• [TASK DETAILS] Transcribe every record verbatim; no pictures.

• [RECORDS SUPPLIED]
-- -- --

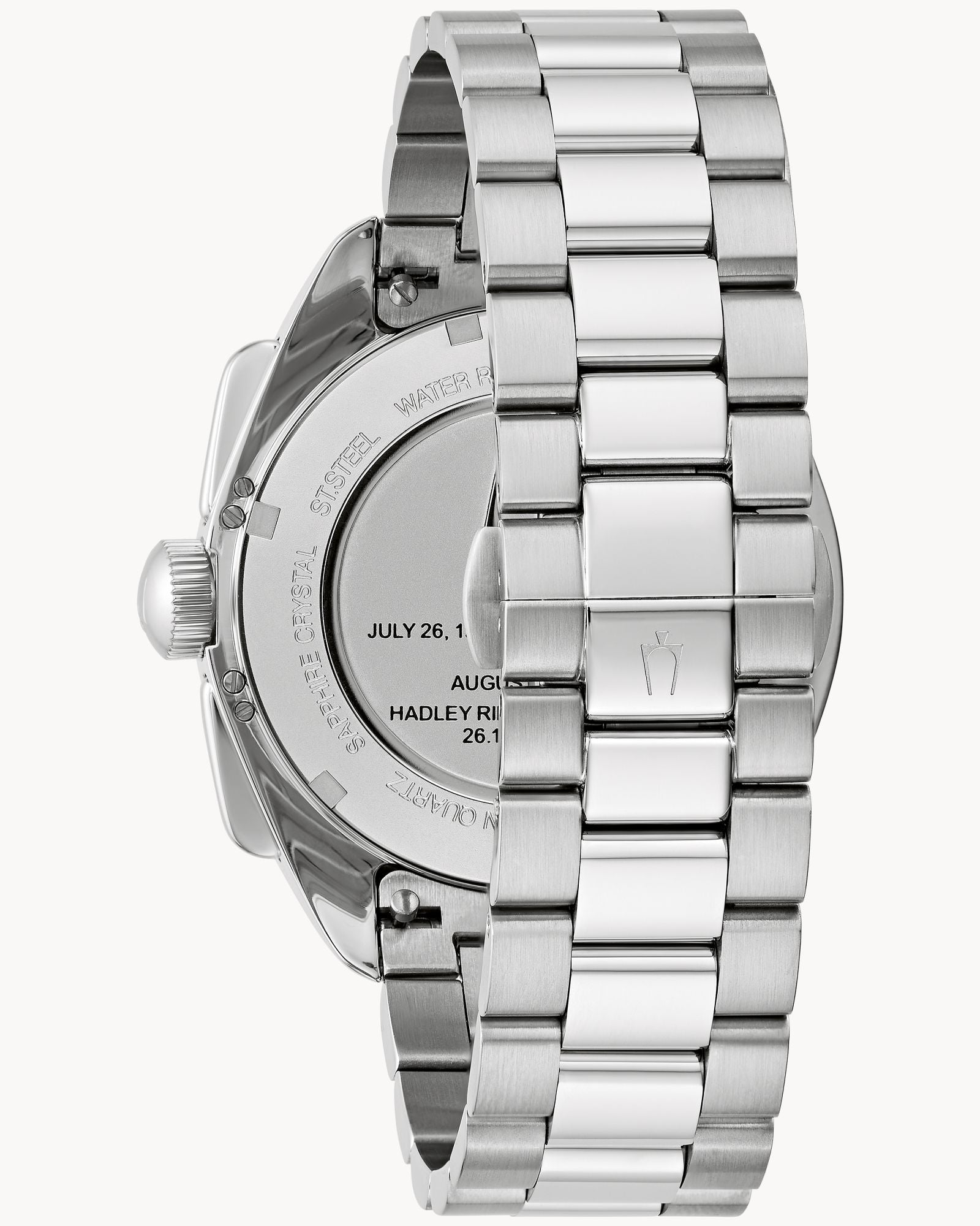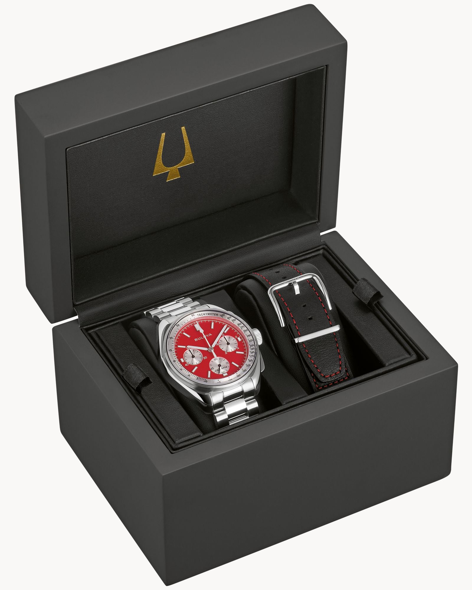 El Bulova 96K115 – Lunar Pilot “Blood Moon” es un cronógrafo de la serie Archive / Histórico, que rinde homenaje al cronógrafo Bulova utilizado durante la misión Apolo 15. Equipa un movimiento HPQ (High Performance Quartz) de 262 kHz, que ofrece una precisión extraordinaria y un segundero de barrido suave. Su diseño combina la historia espacial con detalles contemporáneos: cuenta con una esfera roja vibrante (“Blood Moon”), tres subesferas plateadas estilo “panda”, y un taquímetro para mediciones de velocidad.
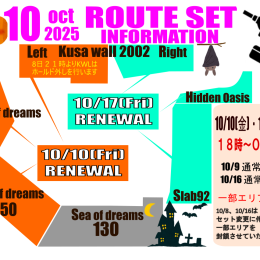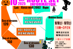 *10/8(水)21:00~Kusa Wall Right のホールド外し 10/9 (木)14:00 OPEN~強傾斜エリア封鎖 10/10(金) 18:00 OPEN~ * 10/16(木)14:00 OPEN~緩傾斜エリア封鎖 10/17(金) 18:00~ OPEN
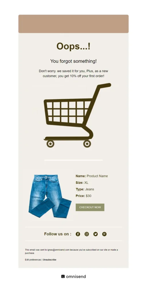 Abandoned cart emails are a common behavior triggered email marketers use. When a customer adds an item to their online shopping cart but exits before completing the purchase, an email is automatically sent.
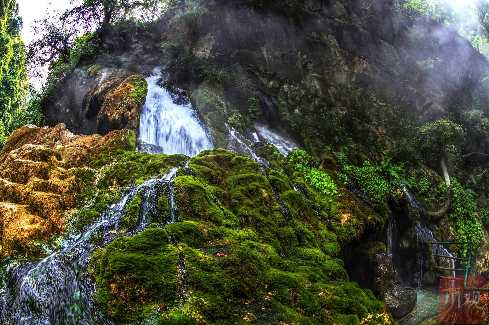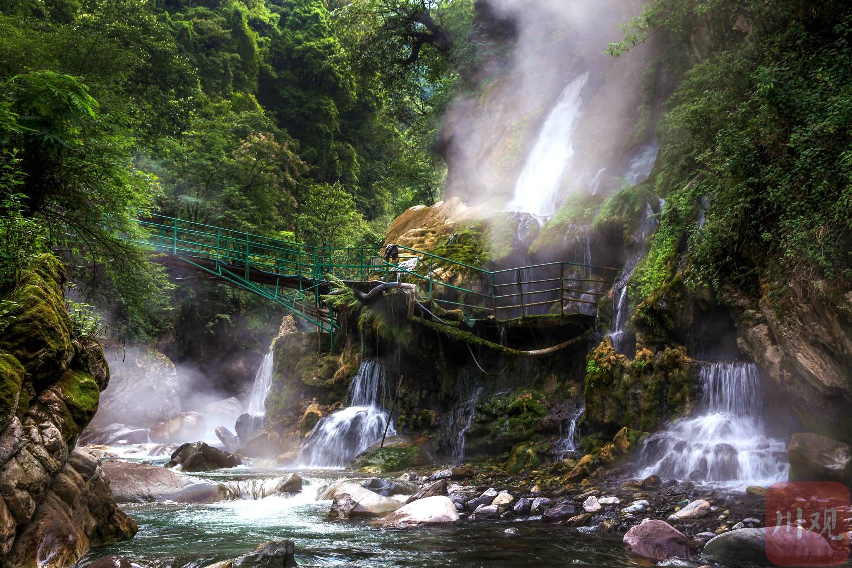 螺髻山温泉瀑布,飞瀑流泉、绿意葱茏。
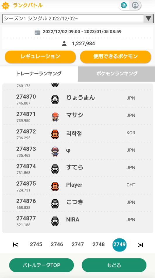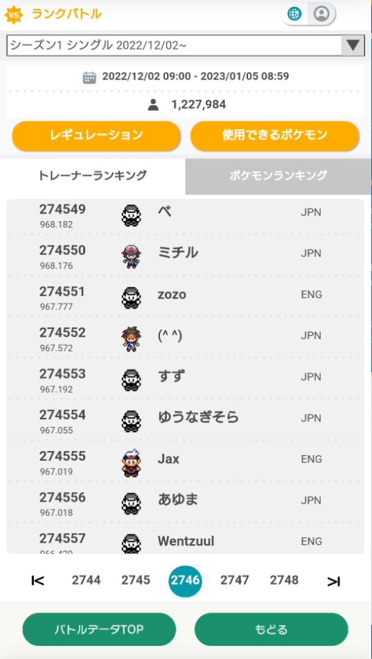SHUSUKEさんのレート帯でのSV・シーズン1の順位は約274,550位付近。
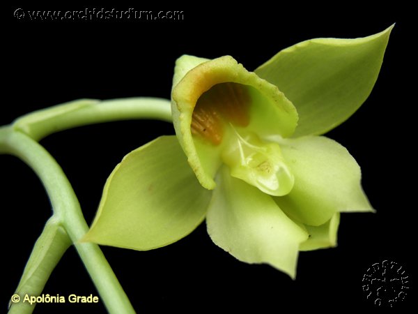 Found in northern Brazil in rain forests at elevations of 90 to 400 meters as a small to medium szied, hot growing epiphyte with clustered, fusiform pseudobulbs enveloped in youth by imbricate, deciduous sheaths and carrying up to 6, plicate, arching, oblanceolate, gradually narrowing below into the pseudopetiolate base leaves that blooms in the summer through early fall on a basal, pendant, racemose, 4.8 to 8.4" [12 to 21 cm] long, to 15 flowered inflorescence carrying small, non-resupinate flowers all held towards the apex.
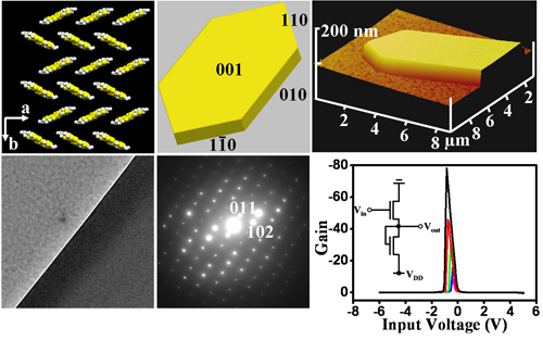 此外,他们还控制合成了一种新型蒽化合物,二苯乙烯蒽的微纳单晶,采用有机单晶微纳线模板法制备了其高性能的场效应晶体管,其最高迁移率达到4.3 cm2V-1s-1。利用这种高性能微纳单晶场效应晶体管制备了高性能的反相器,其最大增益达到80。最后,研究了单晶的传输特性表现出各向异性的特点,沿a轴和b轴方向的迁移率比在1.5-1.95 (μa/μb)。这项研究,为高性能单晶分子电路的研究奠定了基础。相关结果发表在Adv. Mater. 2009, 21, 3649-3653上。
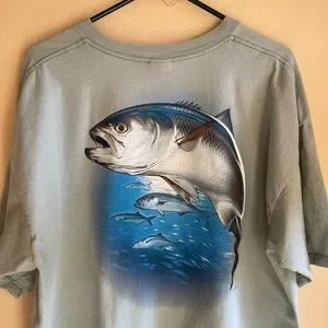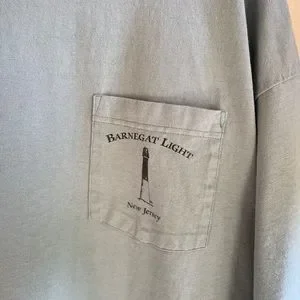 Vintage Barnegat Light New Jersey Blue Fish Tshirt. Heavyweight 100's Cotton Tshirt by Anvil. Large Blue Fish Graphic on back. Barnegat Light House on front pocket. Mint Green. A great gift fir the Fisherman. 🐟🎣🦈

-- -- --

• [SOLUTION FOR THIS PROBLEM]
 El Bulova 96K115 – Lunar Pilot “Blood Moon” es un cronógrafo de la serie Archive / Histórico, que rinde homenaje al cronógrafo Bulova utilizado durante la misión Apolo 15. Equipa un movimiento HPQ (High Performance Quartz) de 262 kHz, que ofrece una precisión extraordinaria y un segundero de barrido suave. Su diseño combina la historia espacial con detalles contemporáneos: cuenta con una esfera roja vibrante (“Blood Moon”), tres subesferas plateadas estilo “panda”, y un taquímetro para mediciones de velocidad.
 *10/8(水)21:00~Kusa Wall Right のホールド外し 10/9 (木)14:00 OPEN~強傾斜エリア封鎖 10/10(金) 18:00 OPEN~ * 10/16(木)14:00 OPEN~緩傾斜エリア封鎖 10/17(金) 18:00~ OPEN
 Abandoned cart emails are a common behavior triggered email marketers use. When a customer adds an item to their online shopping cart but exits before completing the purchase, an email is automatically sent.
 螺髻山温泉瀑布,飞瀑流泉、绿意葱茏。
SHUSUKEさんのレート帯でのSV・シーズン1の順位は約274,550位付近。
 Found in northern Brazil in rain forests at elevations of 90 to 400 meters as a small to medium szied, hot growing epiphyte with clustered, fusiform pseudobulbs enveloped in youth by imbricate, deciduous sheaths and carrying up to 6, plicate, arching, oblanceolate, gradually narrowing below into the pseudopetiolate base leaves that blooms in the summer through early fall on a basal, pendant, racemose, 4.8 to 8.4" [12 to 21 cm] long, to 15 flowered inflorescence carrying small, non-resupinate flowers all held towards the apex.
 此外,他们还控制合成了一种新型蒽化合物,二苯乙烯蒽的微纳单晶,采用有机单晶微纳线模板法制备了其高性能的场效应晶体管,其最高迁移率达到4.3 cm2V-1s-1。利用这种高性能微纳单晶场效应晶体管制备了高性能的反相器,其最大增益达到80。最后,研究了单晶的传输特性表现出各向异性的特点,沿a轴和b轴方向的迁移率比在1.5-1.95 (μa/μb)。这项研究,为高性能单晶分子电路的研究奠定了基础。相关结果发表在Adv. Mater. 2009, 21, 3649-3653上。
 Vintage Barnegat Light New Jersey Blue Fish Tshirt. Heavyweight 100's Cotton Tshirt by Anvil. Large Blue Fish Graphic on back. Barnegat Light House on front pocket. Mint Green. A great gift fir the Fisherman. 🐟🎣🦈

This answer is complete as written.